I have a single-consumer, multiple-producer lock-free queue (MPSCQueue) combined with a std::counting_semaphore to notify the consumer when new items are enqueued. The consumer uses dequeue() to attempt fetching an item; if it succeeds, it calls sema.try_acquire() which I expect to succeed every time there’s actually an item in the queue. However, under very rare circumstances, I get an assertion failure indicating try_acquire() returned false even though the queue returned a valid item.
I can confirm there is truly only one consumer thread.
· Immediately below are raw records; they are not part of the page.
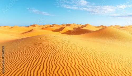 Vast expanse of golden dunes under a vibrant blue sky. Rolling sand hills stretch to the horizon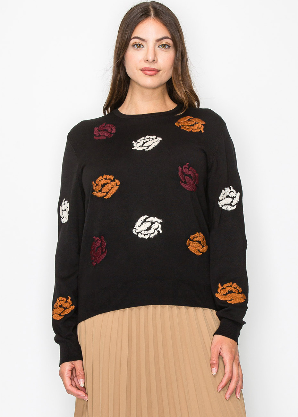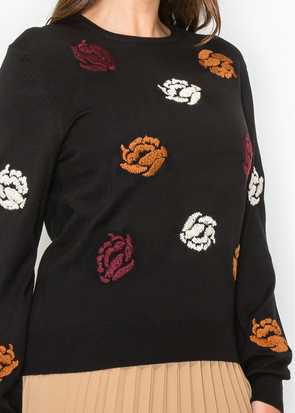 Bring the beauty of fall to your wardrobe with this black sweater, scattered with warm floral embroidery in shades of burgundy, cream, and rust. Perfect for adding a bit of color while staying modest and comfortable.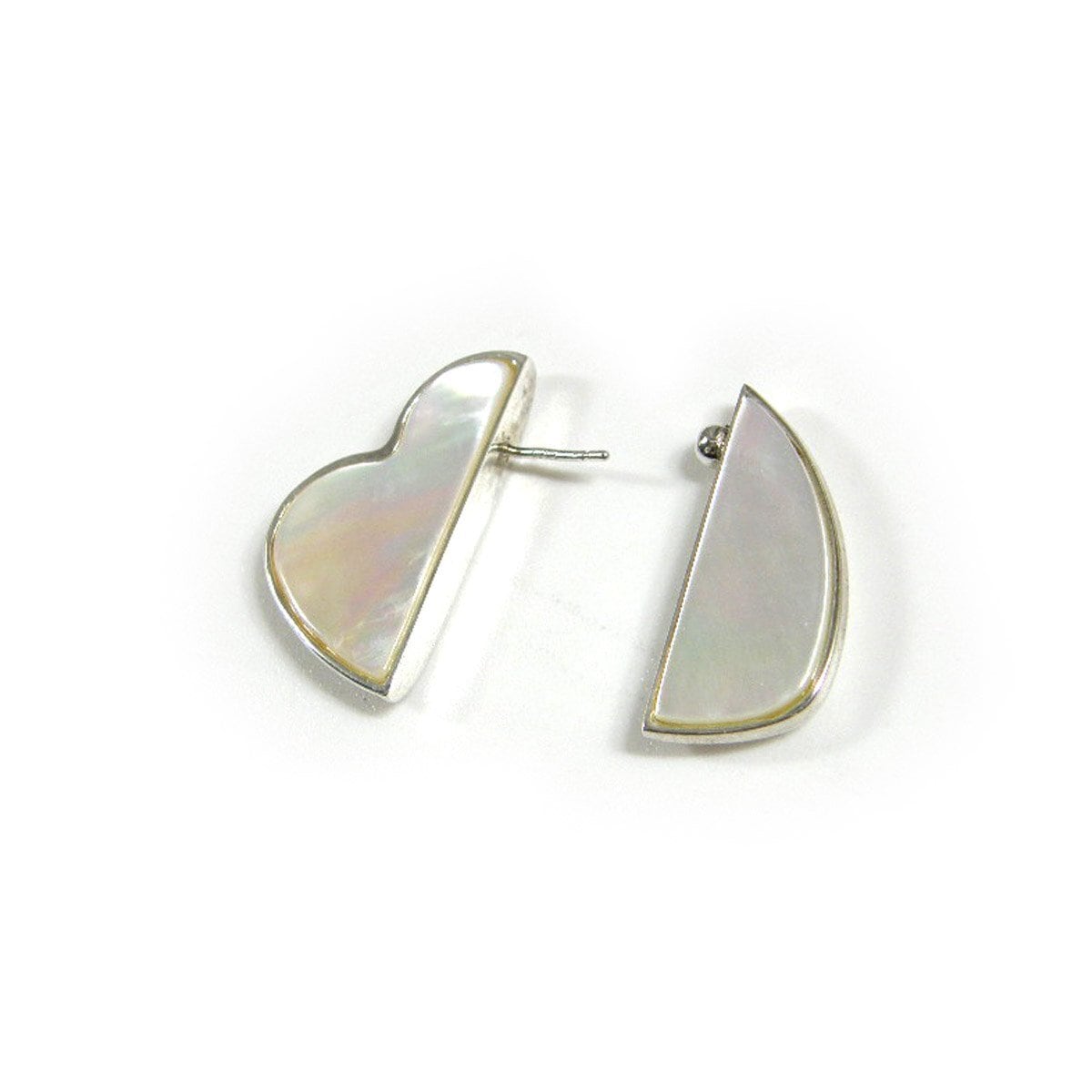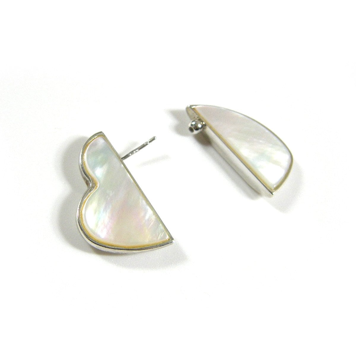 耳を挟む個性的なデザインで動くたびに白蝶貝独特の光沢が表情を変えます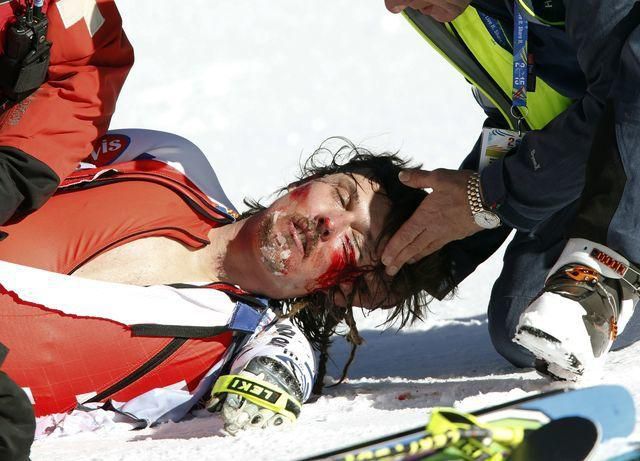 Cieľom preletel v neprirodzenej polohe a po kotrmelcoch zostal dlhé minúty ležať v cieľovom priestore, televízne stanice jeho pád radšej ani neopakovali. Podľa agentúry DPA bol tretí muž kitzbühelskej kombinácie celý čas pri vedomí a hýbal končatinami. Ošetrovali ho priamo na trati pred vystrašenými divákmi, po zhruba štvrťhodinovom prerušení ho transportovali kanadskými saňami do nemocnice. Podľa agentúrnych fotografií mal krvavé rany na tvári.

There are no other places calling dequeue(). The code uses std::memory_order_seq_cst for atomic operations in the queue, and sema.release()/sema.acquire() for the semaphore.
It seems like a memory ordering or visibility issue where the consumer sees the newly linked node in the queue before it sees the corresponding release() operation on the semaphore. But I thought seq_cst plus semaphore release/acquire would be enough to guarantee proper ordering. Any ideas or clarifications on how to ensure we never see a valid item in the queue but still fail try_acquire()?
#include <atomic>
#include <cassert>
#include <iostream>
#include <optional>
#include <semaphore>
template <typename T>
class MPSCQueue {
struct Node {
T data;
std::atomic<Node*> next;
// Default constructor for the dummy node
Node() : next(nullptr) {}
// Constructor that moves the data in
Node(T data_) : data(std::move(data_)), next(nullptr) {}
};
// Atomic head pointer for multiple producers
std::atomic<Node*> head;
// Tail pointer for the single consumer
Node* tail;
public:
std::atomic_size_t enqueue_count = 0;
size_t dequeue_count = 0;
MPSCQueue() {
Node* dummy = new Node();
head.store(dummy, std::memory_order_seq_cst);
tail = dummy;
}
~MPSCQueue() {
Node* node = tail;
while (node) {
Node* next = node->next.load(std::memory_order_seq_cst);
delete node;
node = next;
}
}
// Called by producers
void enqueue(T data) {
enqueue_count.fetch_add(1);
Node* node = new Node(std::move(data));
// Swap in the new node as the head
Node* prev_head = head.exchange(node, std::memory_order_seq_cst);
// Link the old head to the new node
prev_head->next.store(node, std::memory_order_seq_cst);
}
// Called by the single consumer
std::optional<T> dequeue() {
// Check the next pointer of the tail
Node* next = tail->next.load(std::memory_order_seq_cst);
if (next) {
// Move the data out
T res = std::move(next->data);
delete tail;
tail = next;
dequeue_count += 1;
return res;
}
return std::nullopt;
}
size_t size() { return enqueue_count.load() - dequeue_count; }
};
template <typename T>
class MPSCQueueConsumerLock {
MPSCQueue<T> queue;
std::counting_semaphore<> sema{0};
public:
void enqueue(T data) {
queue.enqueue(std::move(data));
// Release the semaphore to notify the consumer
sema.release();
}
// Single consumer calls this
T dequeue() {
auto re = queue.dequeue();
if (re.has_value()) {
// We have an item, so we expect the semaphore count to be > 0
if (!sema.try_acquire()) {
// Unexpectedly fails in rare cases
std::cerr << __FILE__ << ":" << __FUNCTION__
<< " sema.try_acquire() should succeed, please check\n";
assert(false);
}
return re.value();
}
// Otherwise, block until something is available
sema.acquire();
return queue.dequeue().value();
}
size_t size() { return queue.size(); }
};
Sometimes (very low probability, but still possible) the code hits:
/path/to/mpsc.hpp:dequeue sema try_acquire should be success, please check
python: /path/to/mpsc.hpp:79: T MPSCQueueConsumerLock<T>::dequeue() [...]
Assertion `false' failed.
Aborted (core dumped)
I have verified there is truly only one consumer thread and this is the only place where dequeue() is called.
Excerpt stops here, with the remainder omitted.